C’est un peu étourdissant mais j’ai adoré me projeter dans un univers où les mondes que l’on crée en tapotant sur nos claviers ou en gribouillant sur nos carnets peuvent tout aussi bien avoir une réelle indépendance et dépendre vraiment de nos choix. Sans révéler trop de choses, l’intrigue est donc fondée sur le fait que le scénariste du webtoon a fait des choix dans son histoire sans réfléchir au dénouement et même si cela allait mener quelque part, sans résoudre des éléments importants. Comme en parle Sapin dans son reportage, il pourrait rentrer dans la catégorie des auteurs jardiniers, ce qui n’a rien de bien ou de mal en soi mais dans l’univers du webtoon cela va créer un déséquilibre. Un élément scénaristique est amorcé et n’est jamais résolu, il manque un engrenage dans la cohérence de leur univers et c’est ce problème qui crée la brèche entre les deux mondes.

J’ai trouvé cette idée captivante, que même si on se laisse guider par notre plume, il faut aller quelque part pour une raison, on se le doit à soi-même, à nos lecteurices et finalement peut-être aussi à nos personnages. Qui sait, peut-être qu’il existe des milliers d’ailleurs où nos personnages évoluent, grandissent et avancent au bon vouloir de notre inspiration ?

 

Richesse, trentenaires, thriller et émotions : tout ce qui me plait

Enfin, je voulais revenir sur des points que j’ai appréciés et qui sont plutôt liés au genre du drama coréen. J’ai 25 ans et ma consommation de séries est liée à un désir de fuir la réalité tout en pouvant me projeter. C’est pour cette raison que j’adore les dramas coréens qui ont des intrigues avec des personnages dans la fin de la vingtaine ou qui sont trentenaires et qui ont des problèmes de jeunes adultes, mais… dans un monde très loin du mien.

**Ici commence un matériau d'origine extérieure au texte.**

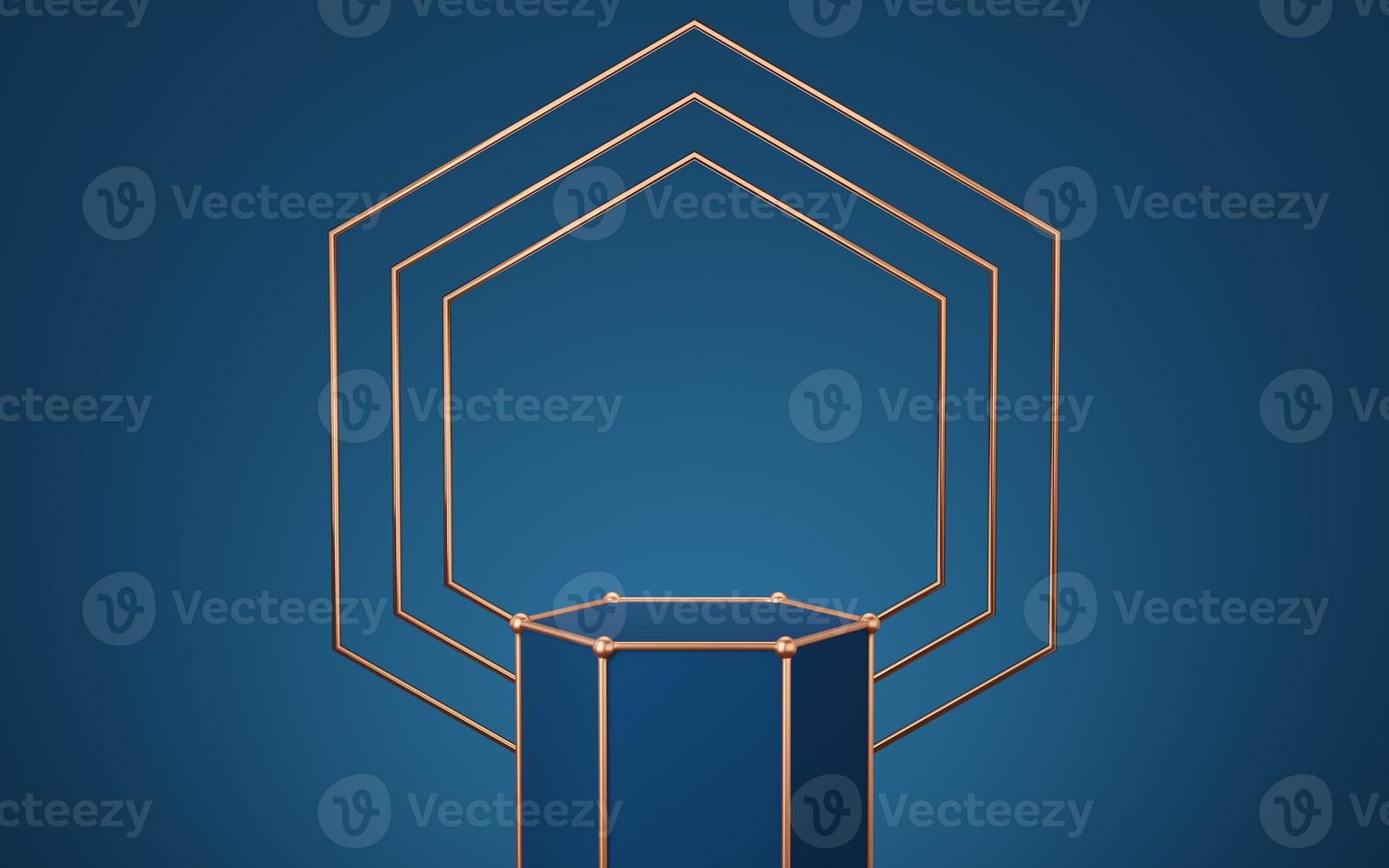 Empty blue hexagon podium with gold border and copper six polygon floating on background. Abstract minimal studio 3d geometric shape object. Mockup space for display of product design. 3d rendering. Pro Photo

Ce drama a aussi évidemment son couple hétérosexuel principal (vous aurez déjà deviné de qui il s’agit) mais pour changer des autres dramas, cependant, ils sont rapidement ensemble et il y a des scènes de baisers plutôt réalistes – pour des dramas. C’est enfin une relation adulte qui est installée et c’est assez appréciable et rare pour le signaler.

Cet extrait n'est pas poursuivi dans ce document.